In the morning, you should start to see signs of fermentation activity if you haven’t already. There will be bubbles scattered on the sides and top, and the level of the mixture might have risen and fallen a little (evidenced by streaks on the sides of the jar).
Refresh as on day three. Place a clean jar on the scale and tare. Scoop in 75 grams of the mixture from the jar that fermented overnight; add 50 grams rye flour, 50 grams white flour, and 125 grams warm water (80ºF). Mix thoroughly, cover, and let rest for 12 hours. After this 12-hour rest, refresh again with the same ratio of ingredients, and let rest overnight.
Days five and six
For days five and six, continue refreshing with the same ratio of ingredients as day four, twice a day, as fermentation activity increases more and more.
Days seven and onward
In the morning on day seven, place a clean jar on the scale and tare. Scoop in 50 grams of the mixture from the jar that fermented overnight. To this, add 100 grams all-purpose flour and 100 grams warm water (no rye flour is needed). Mix thoroughly, cover, and let rest for 12 hours. In the evening (after about 12 hours), refresh again with the same ratio of ingredients and let rest until the next day.

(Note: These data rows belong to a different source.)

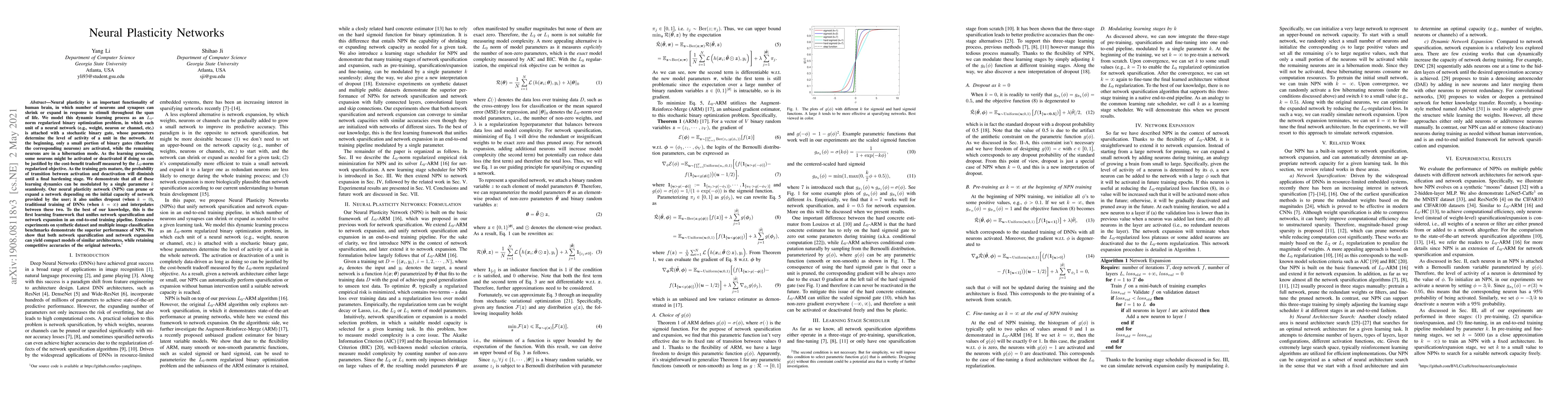Researchers propose a neural network framework called Neural Plasticity Networks (NPN) that can prune or expand networks based on user-provided initial capacity, offering a unified approach to sparse and dense training.
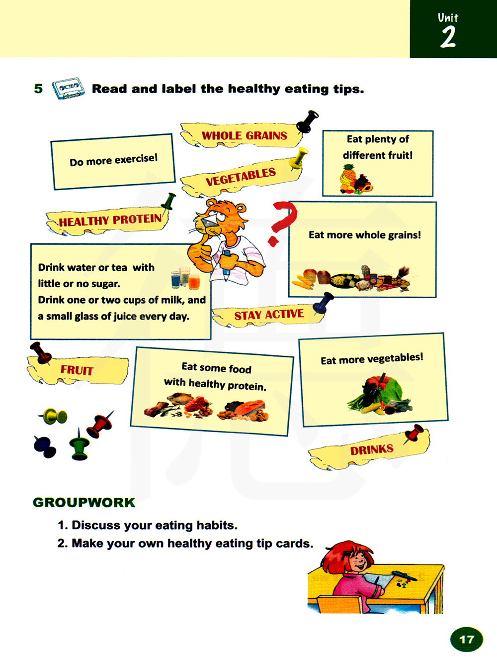 讨论你们的饮食习惯。 制作你们自已的饮食小贴士卡片。
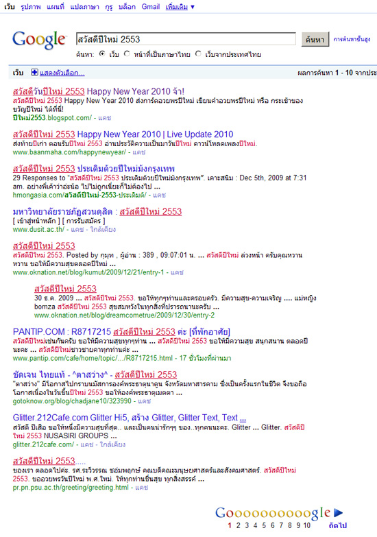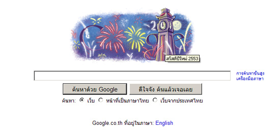 02Jan 2010 Google สวัสดีปีใหม่ by Maximumboy ⋅ 1 Comment ทุกครั้งที่มีเทศกาลสำคัญๆของโลก Google ก็จะปรับ Logo (google doodle)หน้าแรกให้เข้ากับเทศกาลนั้น ในปีใหม่ Search Engine ที่มีส่วนแบ่งการตลาด Search มากที่สุดทักทายเราว่า “สวัสดีปีใหม่ 2553″ พร้อมผล Search ที่ไม่ต้องคลิ๊ก “ดีใจจัง ค้นแล้วเจอเลย ” ครับ Share this:Share on TumblrEmail Related Posted in: Search Engine Marketing ⋅ Tagged: 2010, E-News, google, new year, Search Engine Marketing
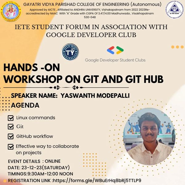 A Hand-on workshop is to introduce GIT and GIT HUB to the students and to provide use and benefits of this platform with a very interactive session.
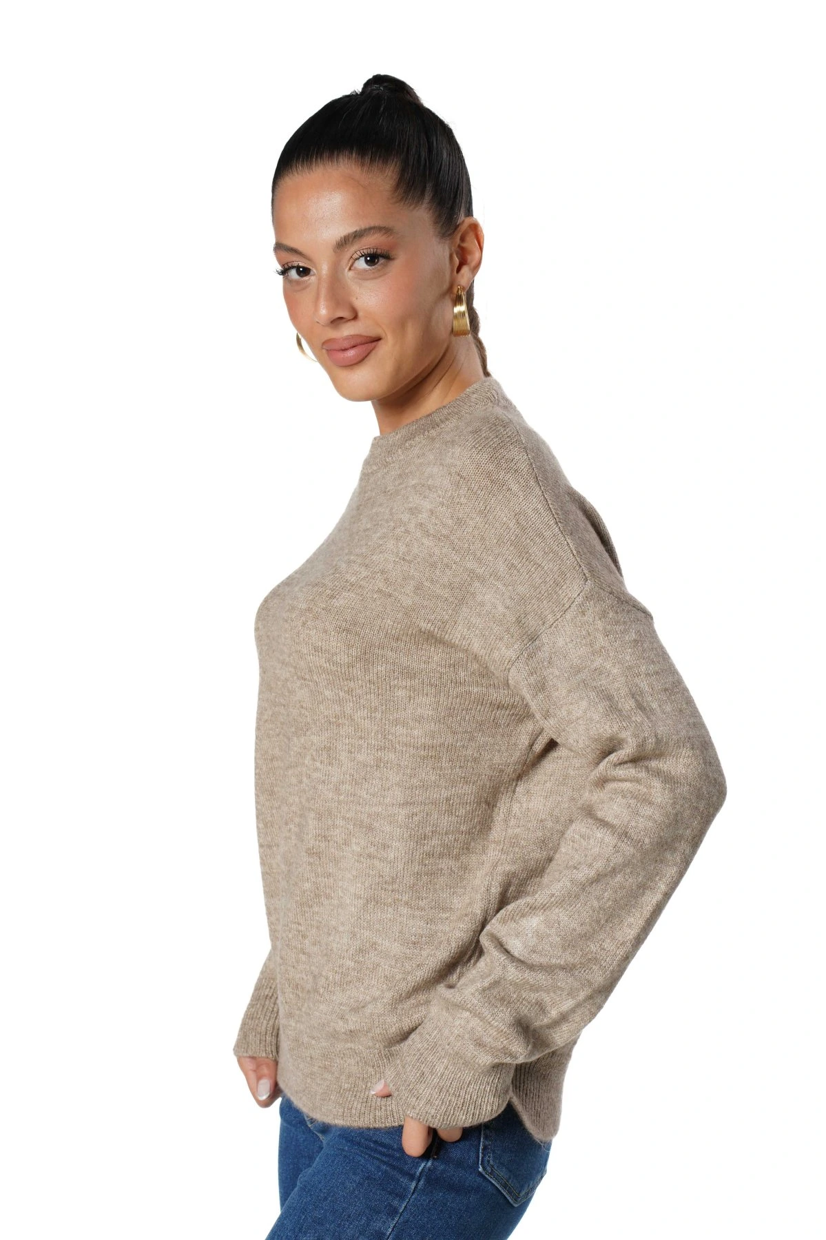 BİSİKLET YAKA VİSKON KAZAK – CAMEL
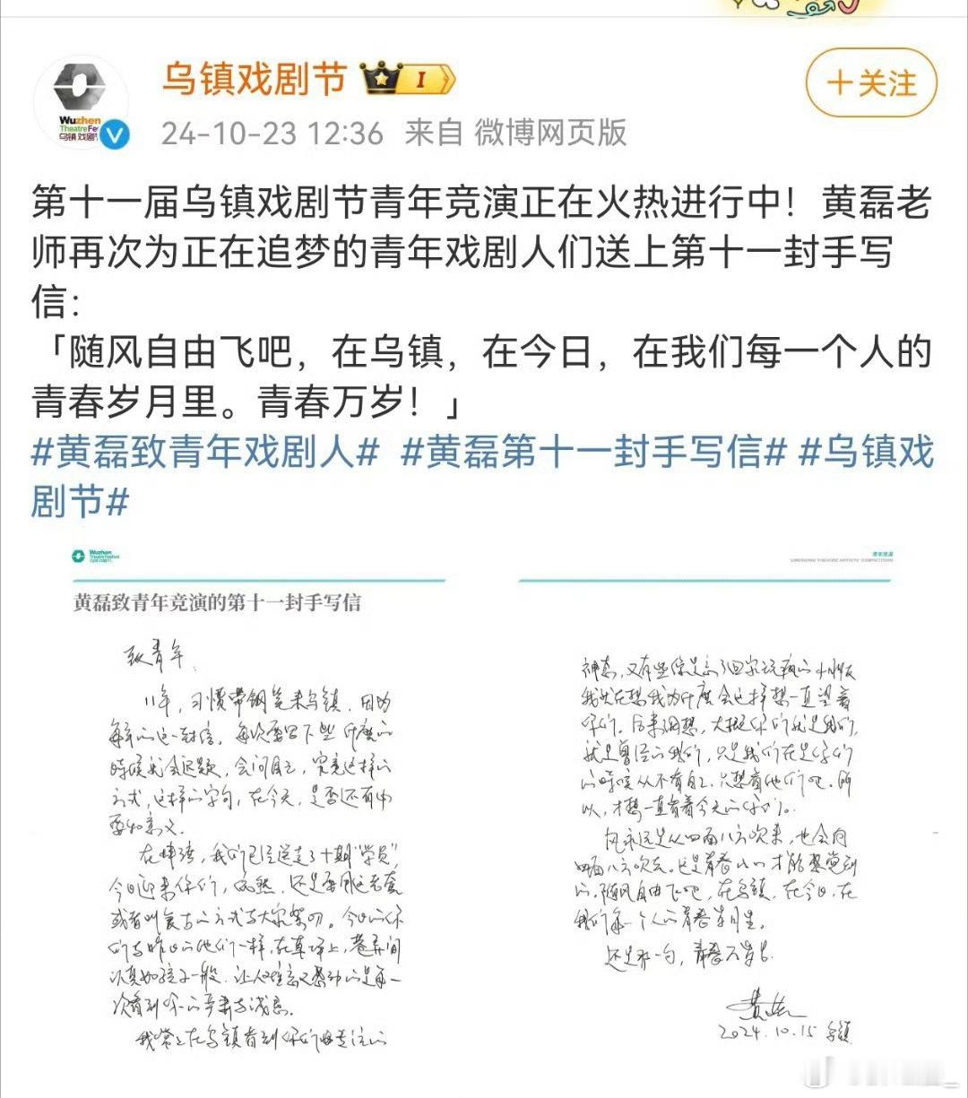#黄磊手写信 真诚#黄磊老师的这封手写信📝,不仅是对青年戏剧人的一次鼓励,更是对整个戏剧界的一次呼唤。它让我们看到了老一辈艺术家对新生代戏剧📺人的殷切期望和无私奉献,也让我们更加坚定了对戏剧艺术的热爱和追求。#黄磊手写信真诚#

At this point you should start to see the height of your starter rise and fall in the jar predictably each day. This periodic behavior is a good indicator that it is strong enough to use for your first loaf of bread. If your starter is still struggling to show vigorous activity, keep refreshing with the same ratio of ingredients for another day, or several more, until things pick up. This process can sometimes take longer, depending on the flour used and the environment (especially if it’s cool in your kitchen). Be patient and stick to the schedule, and eventually a stable starter will take hold.
The starter will continue to develop flavor and strength over the next week and into the future. With a strong starter, you can now use a portion of it when “mature” (when it’s risen to maximal height) to make a leaven (or levain) for the bread recipe to follow.
If you need a break from refreshing your starter each day, you can always stick it into the refrigerator for a week (or up to two in a pinch) right after a refreshment. When you want to bake again, take it out a few days before and give it 2–3 refreshments over the course of a day or two to get it back up to strength.
These days, refreshing my sourdough starter has become a liturgical part of my day. It takes mere minutes to provide it with fresh flour and water, and in return it produces incredibly flavorful and healthy sourdough bread for my family. I like to think it’s me making the bread—I’m controlling fermentation, my hands are mixing, and my hands shape the dough—but the reality is that I’m just a small cog in nature’s machinery. All I really need to do is lend a helping hand and stay out of the way.